▶ Extracted material:
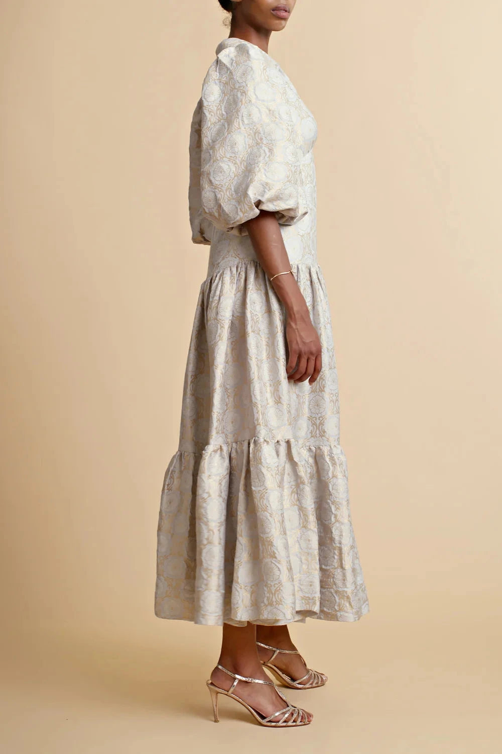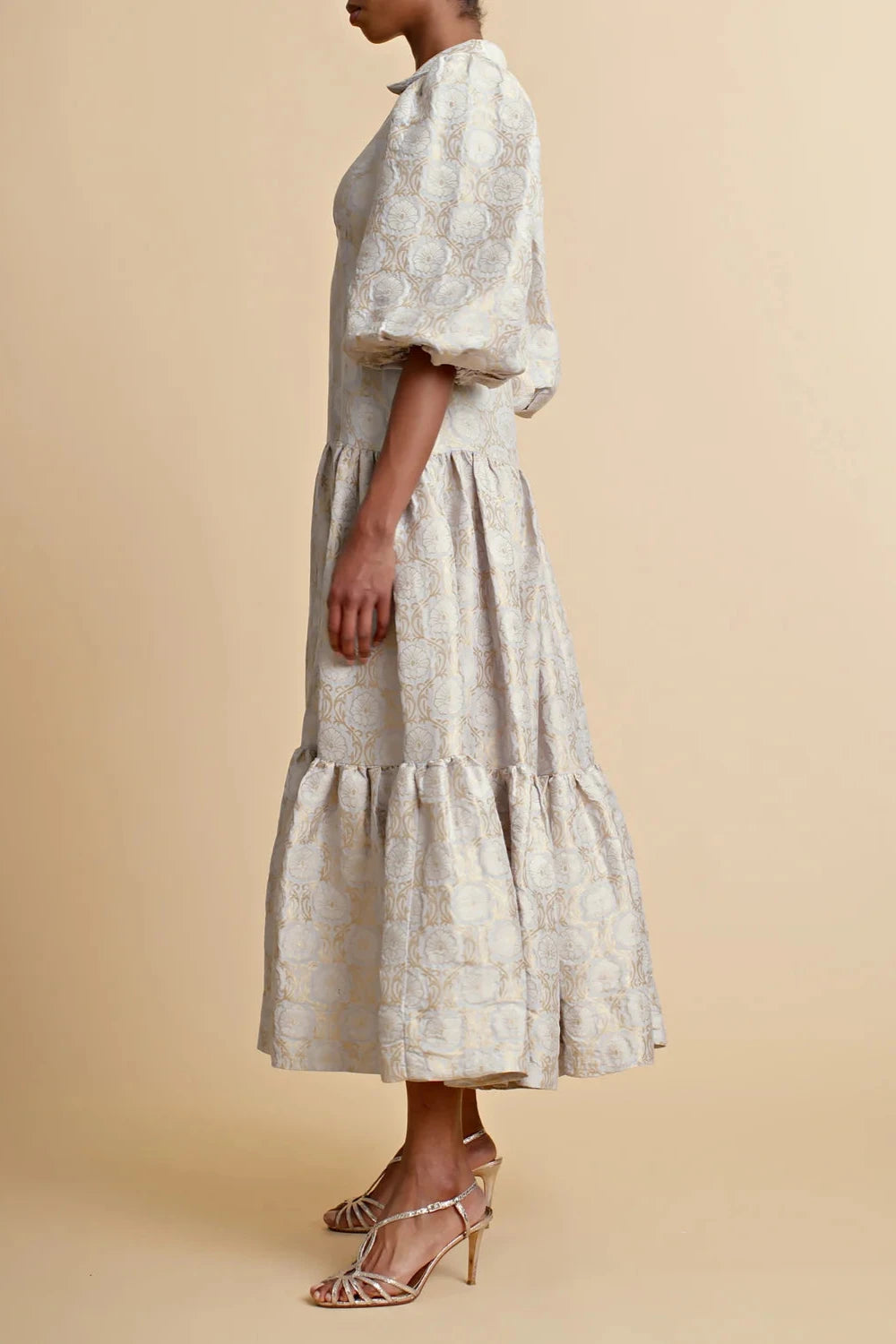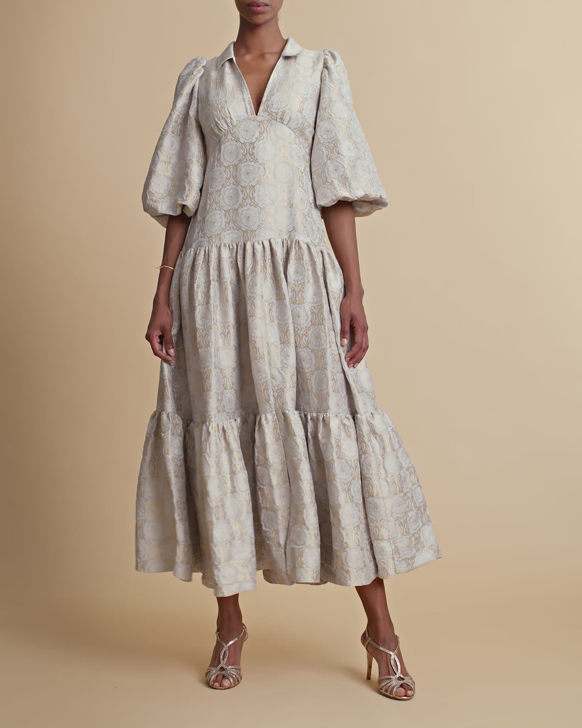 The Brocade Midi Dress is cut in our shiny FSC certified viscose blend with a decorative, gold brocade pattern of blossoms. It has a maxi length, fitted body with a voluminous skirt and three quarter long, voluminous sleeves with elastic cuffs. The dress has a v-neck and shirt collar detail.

==

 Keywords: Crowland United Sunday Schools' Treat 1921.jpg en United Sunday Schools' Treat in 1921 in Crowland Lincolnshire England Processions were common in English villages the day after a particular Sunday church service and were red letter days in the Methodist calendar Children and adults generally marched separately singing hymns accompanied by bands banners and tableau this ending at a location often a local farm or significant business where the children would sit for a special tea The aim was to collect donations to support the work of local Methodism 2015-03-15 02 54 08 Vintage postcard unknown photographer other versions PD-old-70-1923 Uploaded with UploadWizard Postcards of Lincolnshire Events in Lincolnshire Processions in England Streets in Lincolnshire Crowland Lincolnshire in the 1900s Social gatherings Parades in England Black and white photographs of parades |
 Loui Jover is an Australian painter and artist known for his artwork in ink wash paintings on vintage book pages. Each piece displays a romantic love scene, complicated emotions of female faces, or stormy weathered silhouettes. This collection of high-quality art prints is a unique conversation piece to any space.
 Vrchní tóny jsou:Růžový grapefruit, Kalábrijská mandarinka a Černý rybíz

---

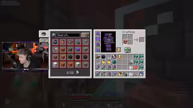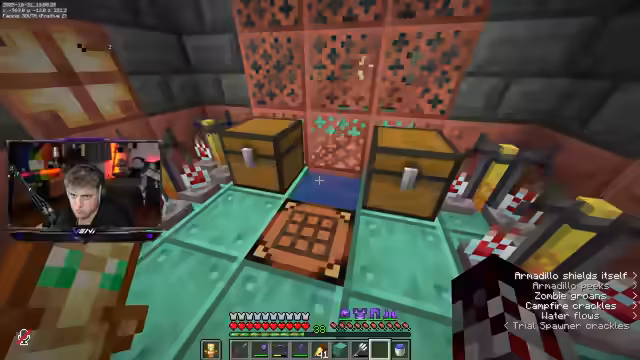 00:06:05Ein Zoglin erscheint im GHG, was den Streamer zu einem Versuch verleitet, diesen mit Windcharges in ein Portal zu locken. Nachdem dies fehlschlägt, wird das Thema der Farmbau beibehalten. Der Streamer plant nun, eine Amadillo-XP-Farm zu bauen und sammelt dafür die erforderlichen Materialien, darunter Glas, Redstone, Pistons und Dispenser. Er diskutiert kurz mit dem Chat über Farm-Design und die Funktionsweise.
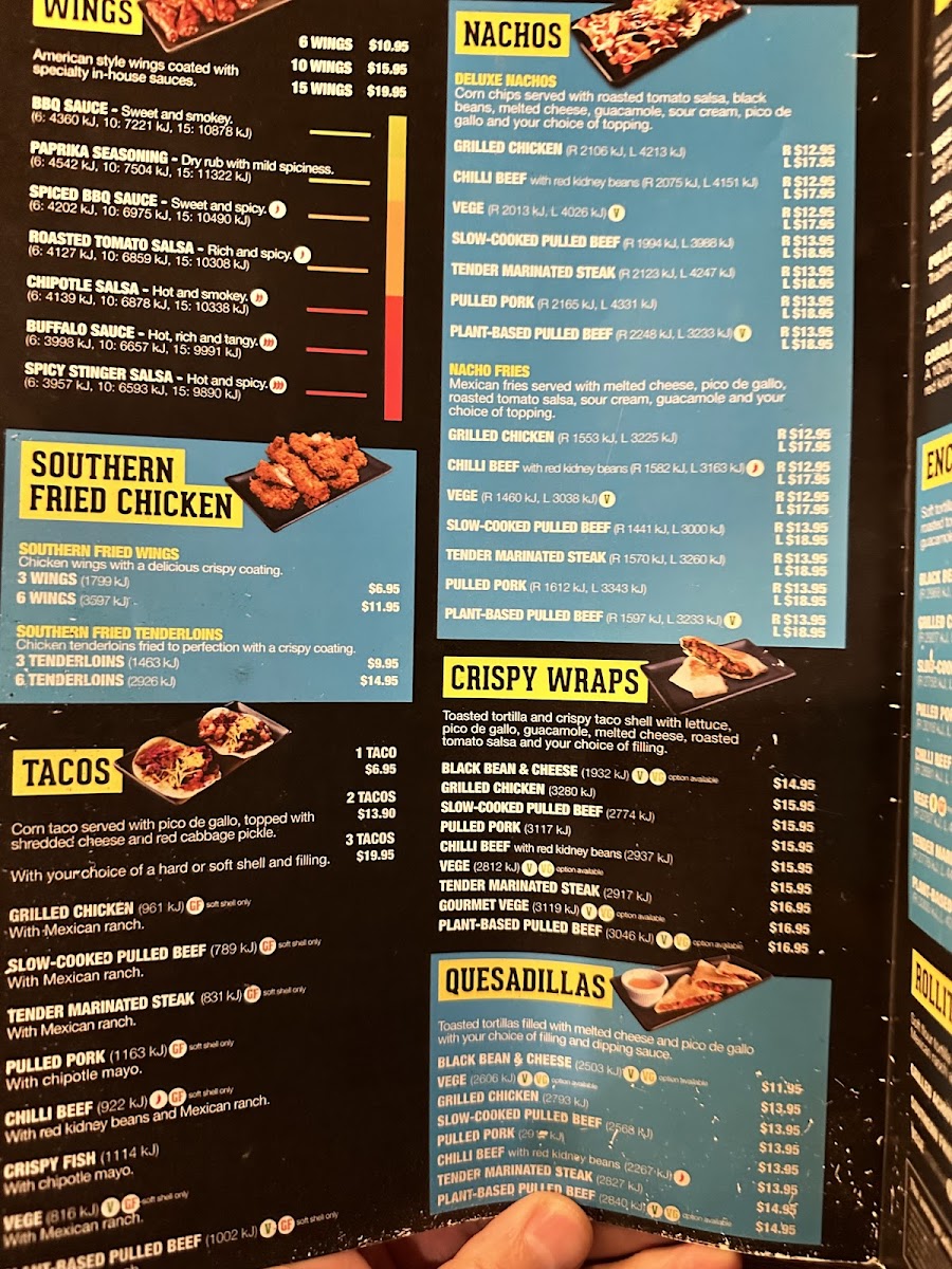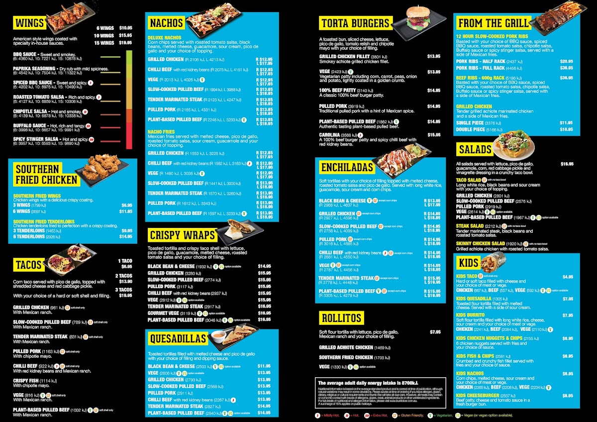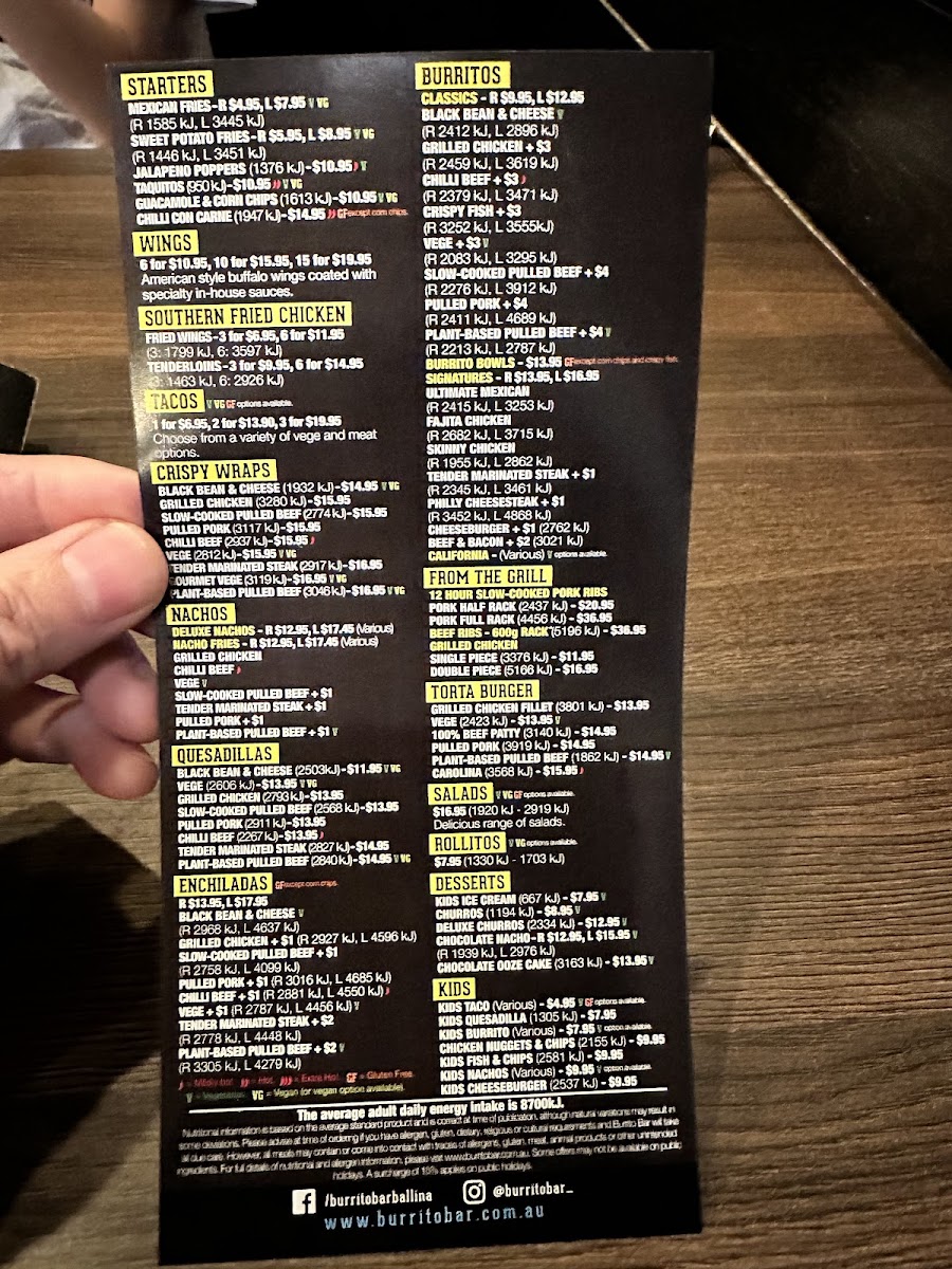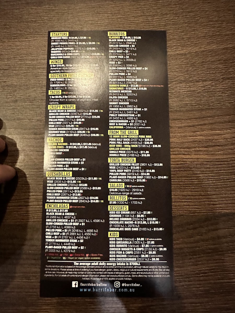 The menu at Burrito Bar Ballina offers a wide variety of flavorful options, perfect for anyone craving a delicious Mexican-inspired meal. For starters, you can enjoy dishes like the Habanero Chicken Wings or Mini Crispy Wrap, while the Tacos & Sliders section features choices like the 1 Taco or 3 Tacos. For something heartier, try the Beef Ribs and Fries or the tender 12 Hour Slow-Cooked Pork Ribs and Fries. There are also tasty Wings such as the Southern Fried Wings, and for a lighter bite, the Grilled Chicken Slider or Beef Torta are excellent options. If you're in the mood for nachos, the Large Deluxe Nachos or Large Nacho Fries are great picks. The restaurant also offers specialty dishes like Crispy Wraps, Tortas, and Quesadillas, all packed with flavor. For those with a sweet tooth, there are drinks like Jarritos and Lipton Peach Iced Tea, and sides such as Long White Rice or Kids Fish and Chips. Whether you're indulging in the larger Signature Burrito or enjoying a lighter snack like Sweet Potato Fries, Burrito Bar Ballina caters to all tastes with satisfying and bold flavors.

▶ Task goal:
In the records above, the line with "Keywords: Crowland United" marks the start and the line with "Vrchní tóny jsou:Růžový" marks the end; copy that stretch exactly, both lines included, and nothing else.

▶ Completed exercise:
 Keywords: Crowland United Sunday Schools' Treat 1921.jpg en United Sunday Schools' Treat in 1921 in Crowland Lincolnshire England Processions were common in English villages the day after a particular Sunday church service and were red letter days in the Methodist calendar Children and adults generally marched separately singing hymns accompanied by bands banners and tableau this ending at a location often a local farm or significant business where the children would sit for a special tea The aim was to collect donations to support the work of local Methodism 2015-03-15 02 54 08 Vintage postcard unknown photographer other versions PD-old-70-1923 Uploaded with UploadWizard Postcards of Lincolnshire Events in Lincolnshire Processions in England Streets in Lincolnshire Crowland Lincolnshire in the 1900s Social gatherings Parades in England Black and white photographs of parades |
 Loui Jover is an Australian painter and artist known for his artwork in ink wash paintings on vintage book pages. Each piece displays a romantic love scene, complicated emotions of female faces, or stormy weathered silhouettes. This collection of high-quality art prints is a unique conversation piece to any space.
 Vrchní tóny jsou:Růžový grapefruit, Kalábrijská mandarinka a Černý rybíz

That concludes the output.